Guys At The Gym follows a gym manager who takes advantage of being surrounded by hot athletic guys all day. In this particular day, he hooks up with a twink in his private shower, a couple in the locker room, and a muscular stud in the back of a storage room.

Obey Your Master is the third ebook in my successful From Work Colleague to Leather Slave series. It’s actually been banned on Amazon due to the content, though they won’t tell me what for. This book follows Mark, who has now been initiated into being a leather slave. In this ebook has him meeting up with four different Leather Masters and obeying their every fetish and kink.

MM: So last time we talked, you had two books out and now you have ten. What have the last eight books taught you?

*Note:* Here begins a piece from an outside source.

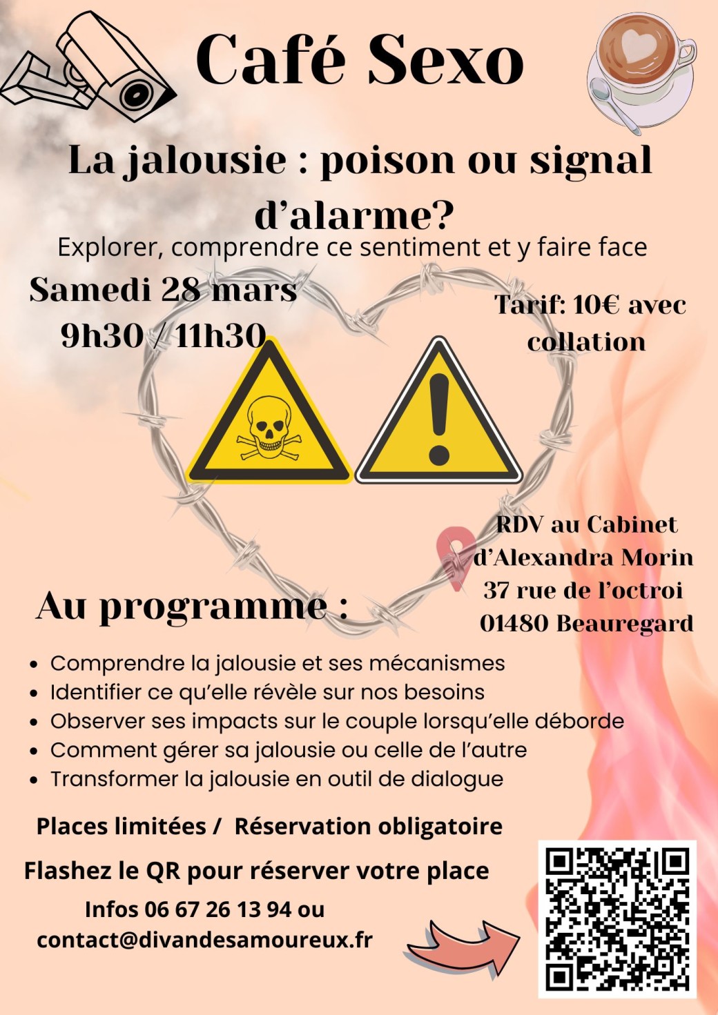 2026-03-28 09:30:00 2026-03-28 11:30:00 Europe/Paris Café sexo : la jalousie, poison ou signal d'alarme ? Reservations on : https://www.billetweb.fr/cafe-sexo-la-jalousie-poison-ou-signal-dalarme -- Saisissez votre description La jalousie : poison ou signal d’alarme ? La jalousie n’est pas une faiblesse. C’est une émotion. Mais lorsqu’elle prend trop de place, elle peut fragiliser la confiance, créer des tensions et installer des malentendus. Et si on apprenait à l’écouter autrement ? Au programme : Comprendre l’origine de la jalousie Différencier intuition, insécurité et contrôle Apprendre à en parler sans blesser Retrouver sécurité et apaisement dans le couple Un espace confidentiel, respectueux et humain pour déposer, comprendre et transformer. Places limitées / inscription obligatoire Le divan des amoureux, Rue de l'Octroi, Beauregard, France Alexandra MORIN EI

BW: I’ve learned that your audience wants a new ebook as quickly as you can put them out. I was pretty slow at the start, but most of that was simply fear. I wasn’t sure if I was writing material that people would like. I was worried that people would write to me complaining about a missed comma or something like that. Instead, I just get a lot of messages on Twitter of ‘That totally got me off!” or “I’m so hard now.” and “Can’t wait to buy the next one.”

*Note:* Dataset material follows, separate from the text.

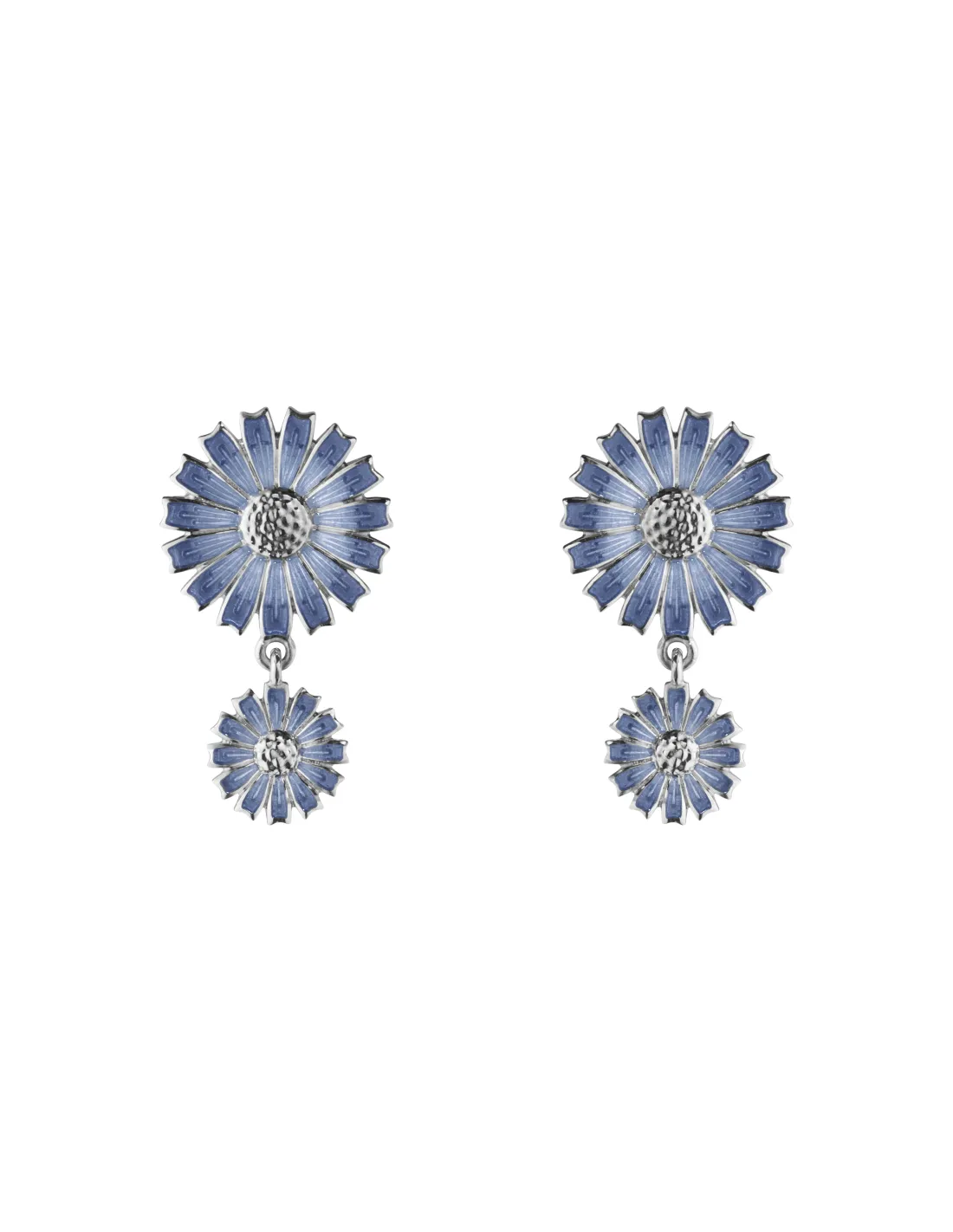 To fine margueritter i forskellige størrelser får disse øreringe i sterlingsølv til at blomstre. Øreringene er håndmalet med blå emalje og bærer det klassiske Georg Jensen-motiv i et lidt ændret design. Sættet er inspireret af en margueritbroche fra 1940’erne, som blev foræret til Hendes Majestæt Dronning Margrethe 2.

As well, I’ve joined communities on Reddit like /r/smutwriters that is filled with amazing writers at different stages of the journey. They’re always willing to offer their advice and thoughts on whatever situation you’re dealing with.

MM: With six months under your belt, what do your sales look like? Would you say it’s worth it?

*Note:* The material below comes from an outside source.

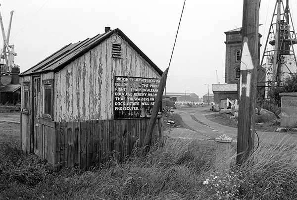 A shed next to the footpath across Alexandra Dock entrance carries a notice from the British Transport Docks Board warning persons using the public right of way in Alexandra Dock that trespassers on the dock estate will be prosecuted. The notice, probably long gone, is no longer needed as the footpath in the dock was closed in 2012 for the convenience of Siemens and their wind turbine building facility here.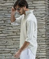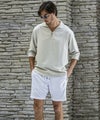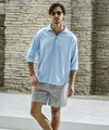 スキッパーにループ留めボタンを施し、程よい抜け感のある大人のリゾートスタイルを演出。

BW: I believe that I’m at a little over 650 books sold between all the different retailers. Through distributing at Smashwords, they can be a few months behind in reporting sales, so that’s not a completely accurate figure at this present moment.

Many erotica writers are trying to do this full time. That’s not my present goal, so it’s worth it for me to be earning some extra income each month. Plus, it’s a lot of fun to have gone from zero ebooks in late December to now ten ebooks only six months later.

MM: What would you say is your best marketing tool?

BW: My best marketing tool has been my Twitter (@dirtysexynaught) account. I think I have a little over 2000 followers right now. I see a lot of erotica writers with less than a hundred followers. I like posting about my ebooks, listing sales that are happening, and just interacting with people. As well, I have a fairly popular tumblr ( too, which is strictly naughty photos that a lot of people enjoy.

MM: Which of your books is your favorite and why?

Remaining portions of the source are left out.